Defaults: l40sx1, 3 h timeout. Source is fetched at job-start by
`_stage_physix_live()` directly from this Hugging Face Space repo.

## Run in Colab

Open [`physix_train_colab.ipynb`](physix_train_colab.ipynb) on a Colab
GPU runtime. The notebook installs the same dependency set as the cloud
job, fetches the source from this Hugging Face Space, runs SFT then
GRPO, and plots loss + reward curves at the end.

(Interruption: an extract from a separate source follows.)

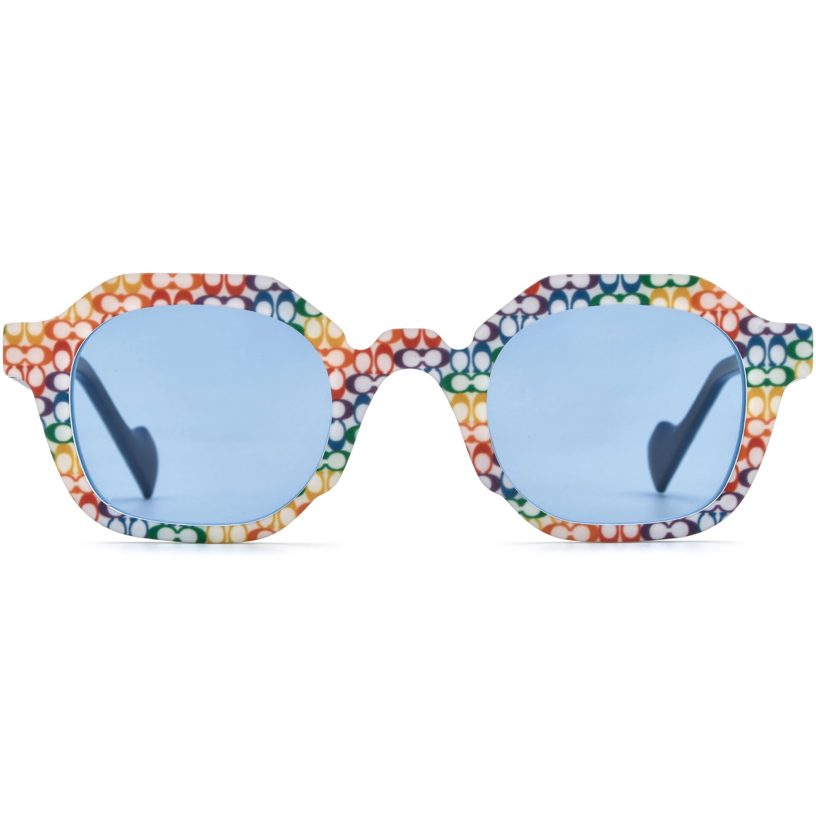 Express your bold personality with these stunning geometric multicolor sunglasses, featuring a unique acetate design and a full-rimmed shape. The polarized lenses provide excellent protection, blocking 100% UVA/UVB/UV400 rays while reducing glare for ultimate comfort and clarity. The vibrant, rainbow-inspired pattern ensures you stand out from the crowd. Ideal for casual outings or a statement fashion look, these sunglasses combine superior quality with a touch of playful sophistication. Perfect for any season and any occasion.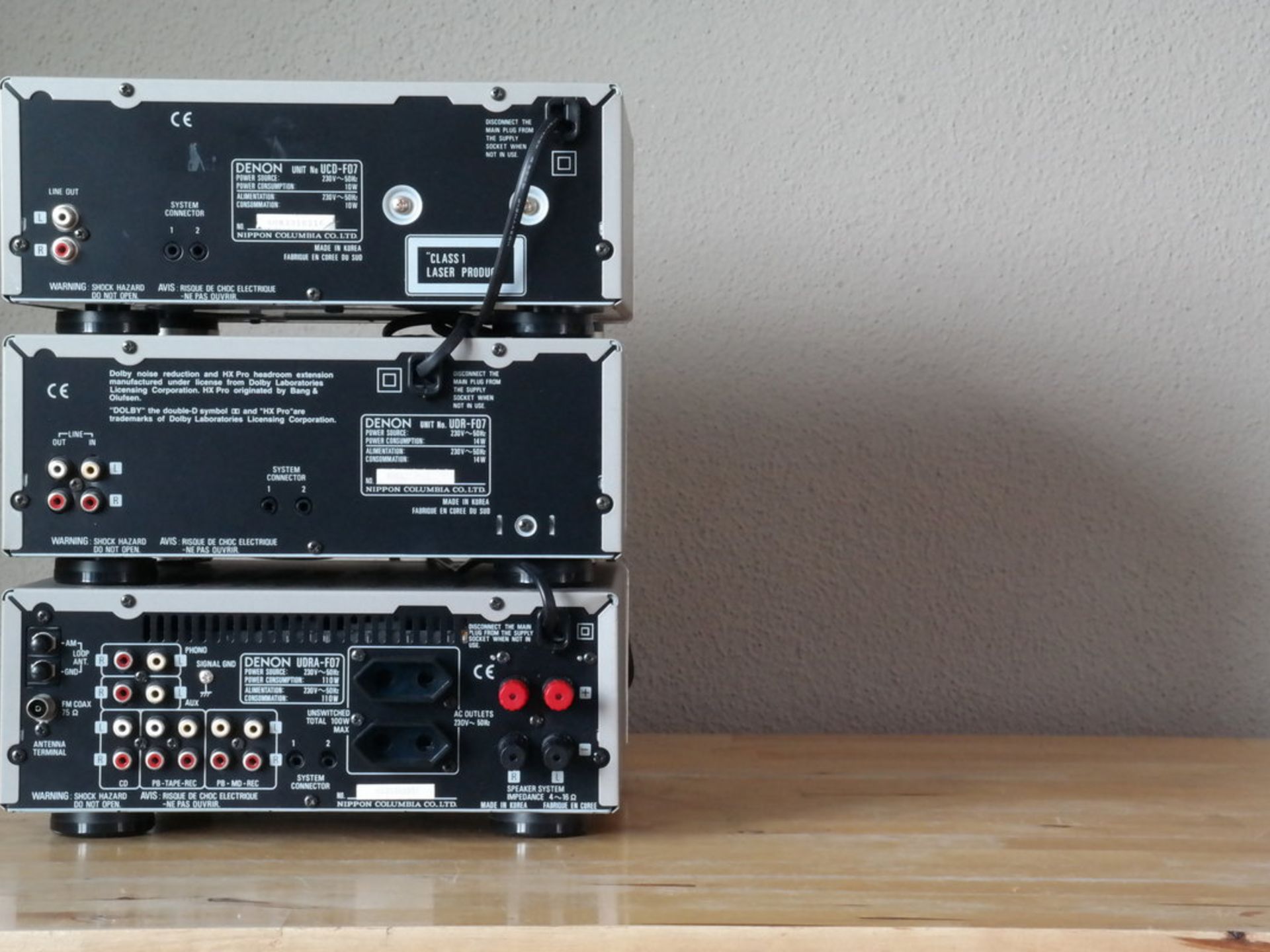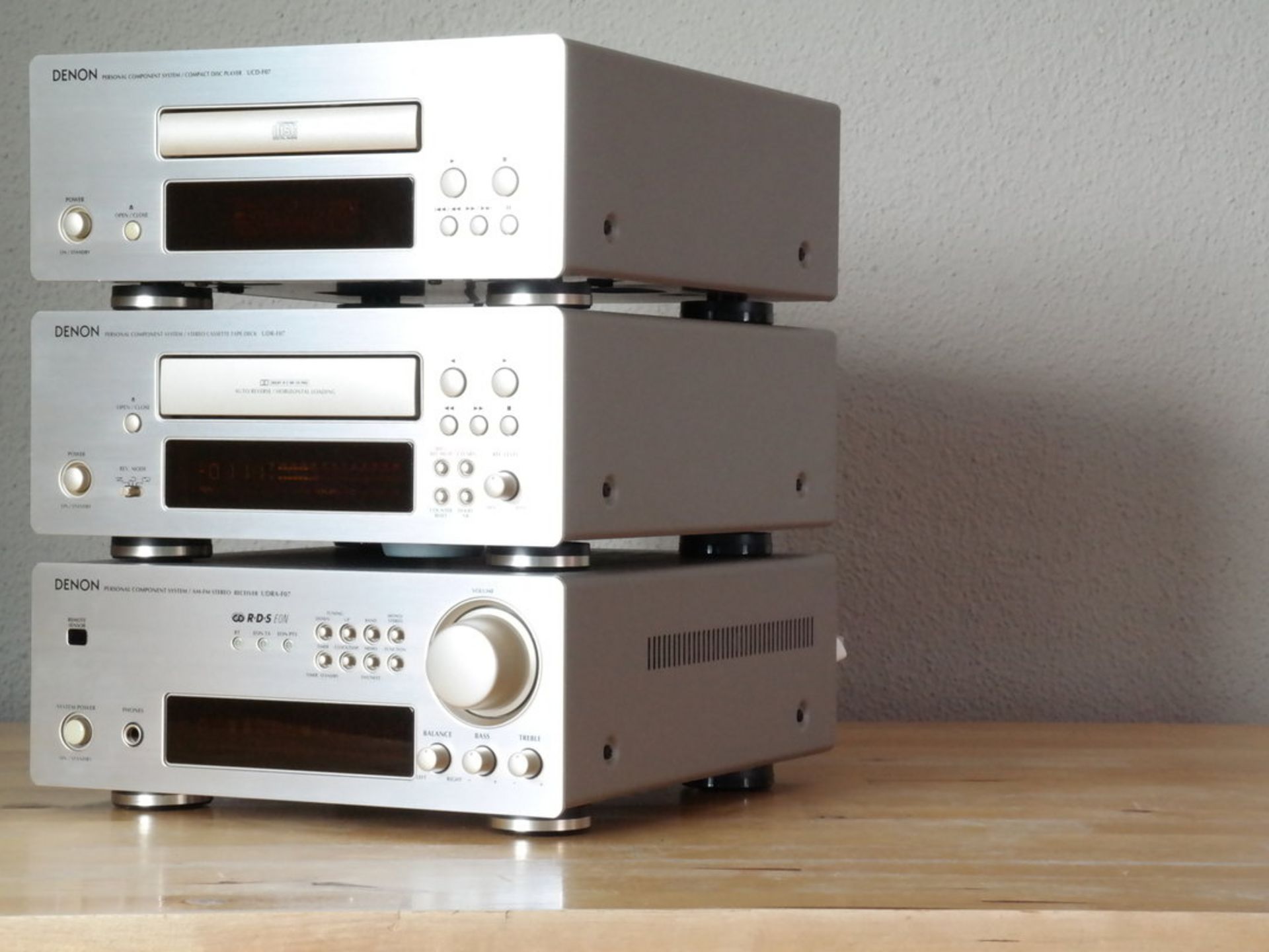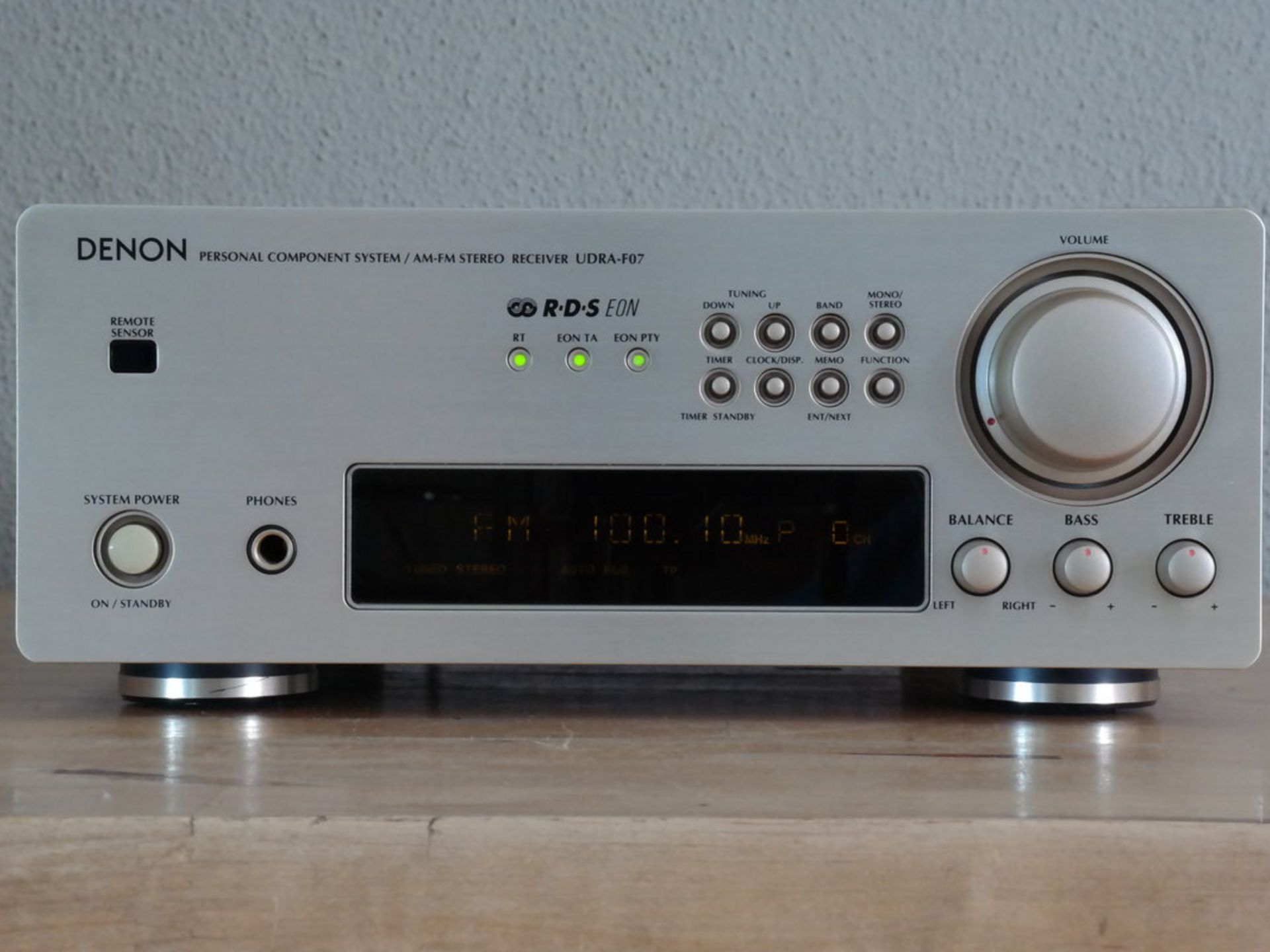 Denon-MIDI-Anlage. Der Receiver hat mit 2 x 45 Watt ordentlich Power, RDS zeigt die Namen der Radiosender an. Edle Front in gebürstetem Aluminium. Die Anlage ist schätzungsweise von Anfang der 1990er Jahre.

## Pipeline cost (l40sx1, 3B profile)

| Step | Time | Cost |
|------|------|------|
| SFT warm-start (3 epochs, 192 examples)            | ~5 min  | ~$0.15 |
| GRPO (200 steps, 4 generations, max_completion=384) | ~40 min | ~$1.20 |
| Push merged 16-bit model to Hub                    | ~1 min  | ~$0.04 |

W&B project: [pratyush01/physix-live](https://wandb.ai/pratyush01/physix-live).

## W&B metrics to watch

| Metric | Expected trajectory |
|--------|---------------------|
| `train/loss` (GRPO) | **stays near zero by design** — only the KL term, not the policy gradient |
| `train/reward` (aggregate) | climbs from ~0.5 to ~1.5–2.0 |
| `train/rewards/reward_match/mean` | climbs from ~0.05 to ~0.3–0.5 |
| `train/rewards/reward_format/mean` | climbs from ~0.5 to ~0.9+ |
| `train/rewards/reward_match_dense/mean` | climbs alongside `reward_match` |
| `train/kl` | rises slowly, stays below ~0.5 |
| `train/grad_norm` | bounded, typically 0.3–1.5 |